Reb charged for Luisita unionist’s slay

ANGELES CITY — A special police task force has filed murder charges against an active member of the New People’s Army (NPA) for the March 17 gunslaying of a union leader of Hacienda Luisita in Concepcion, Tarlac.

Senior Superintendent Nicanor Bartolome, Tarlac police director, said a civilian witness positively identified NPA member Olivio Millo, alias Ka Red, as one of two motorcycle-riding men who gunned down Tirso Cruz, a director of the United Luisita Workers Union (ULWU), with an M-16 rifle.

Cruz, together with his father and two brothers, was on his way home to Barangay Pando, Concepcion town at about 12:30 a.m. when he was shot dead.

Bartolome said the witness initially helped a police artist make a sketch of the gunman. But when shown pictures of people with criminal records, he pointed to Millo.

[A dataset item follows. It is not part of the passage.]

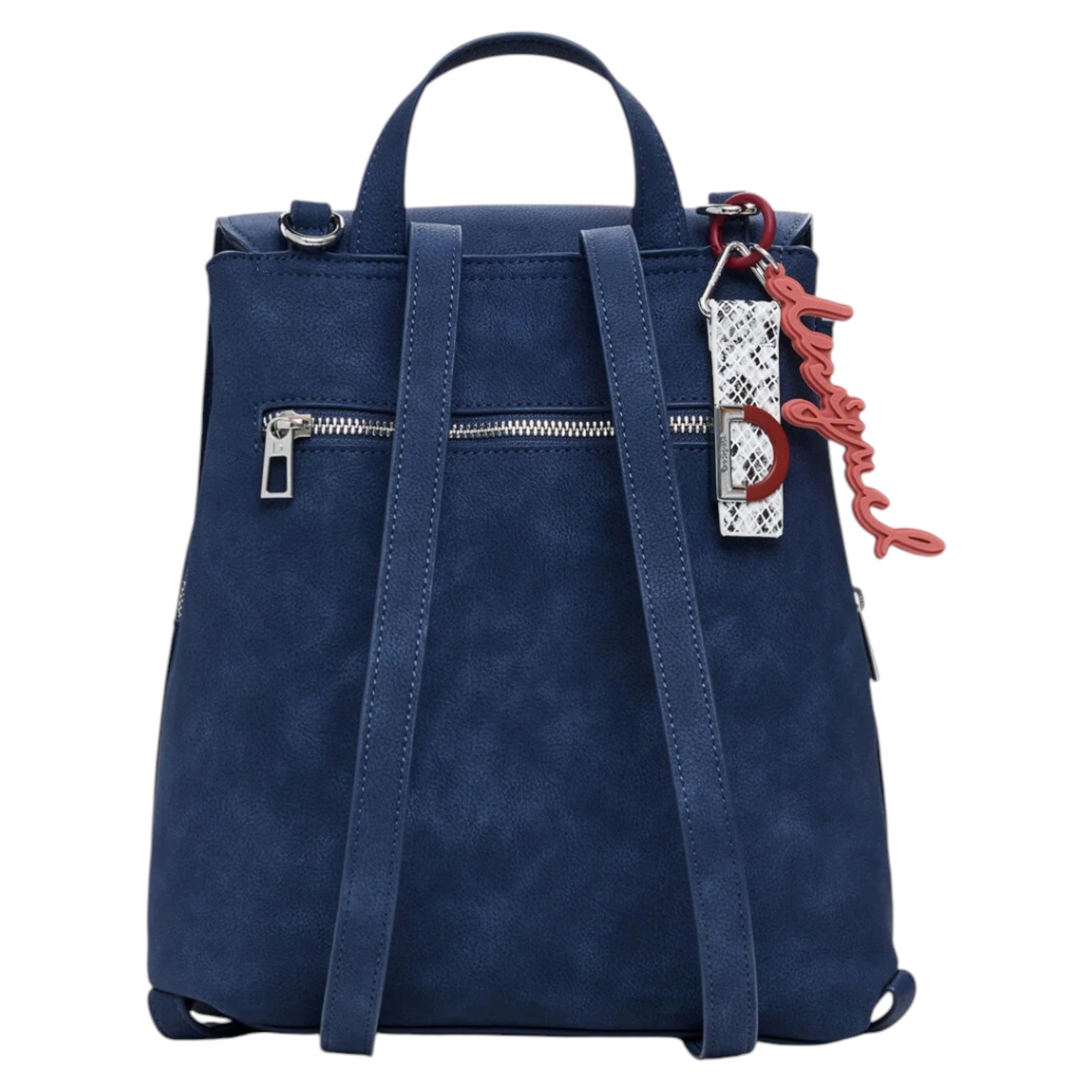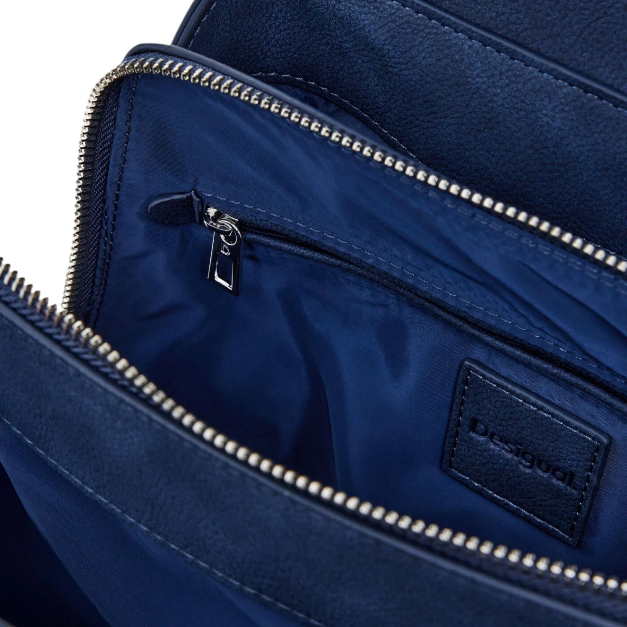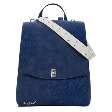 Questo zaino piccolo Desigual in effetto pelle blu si distingue per i suoi mandala incisi e il logo metallico che illumina il design con discreta eleganza.

Bartolome said Millo, who remains at large, also faces other murder charges for the killings of a barangay captain in Pura, Tarlac last year and a barangay tanod in Barangay Cutcut, Capas town.

Cruz, according to militant groups, is the 67th activist slain in Central Luzon since last year.

Of the victims, 49 were killed last year, and 18 others, including Cruz, this year.

The Bagong Alyansang Makabayan (Bayan) has blamed the killings on the military, particularly the Army’s 7th Infantry Division headed by Maj. Gen. Jovito Palparan.

According to the militant group, 12 people allied with the ULWU or the Central Azucarera de Tarlac Labor Union (CATLU) have been killed since the labor dispute at the Hacienda Luisita started in November 2004.

The victims included seven strikers who were killed in a violent dispersal at Gate 1 of the hacienda on Nov. 16; Alyansa ng Magbubukid ng Tarlac leader Marcelino Beltran who was shot dead at the west gate of the hacienda last Dec. 8; Tarlac City councilor Abelardo Ladera who was slain last March 3; Bayan Muna’s Tarlac secretary general Florante Collantes who was killed in his home in Camiling, Tarlac last Oct. 15; and CATLU president Ricardo Ramos who also killed in his home in Barangay Mapalacsiao, Tarlac City last Oct. 25.

Bartolome said the charges against two soldiers tagged in Ramos’ killing were based on circumstantial evidence, but the Tarlac City prosecutor’s office found the case to "hold water."

Pfcs. Romeo Castillo and Roderick de la Cruz and three other 7th ID soldiers, all still unidentified, were named as respondents in the murder case.

Lawyer Nelson Palaris, of the Judge Advocate General’s Office (JAGO), the soldiers’ legal counsel, earlier told The STAR that his clients have not received any notice from the prosecutor’s office for a preliminary investigation.

"The prosecutor’s office was supposed to issue a resolution on the case within three months after the filing, but up to now we have not received any notice from (it)," Palaris said.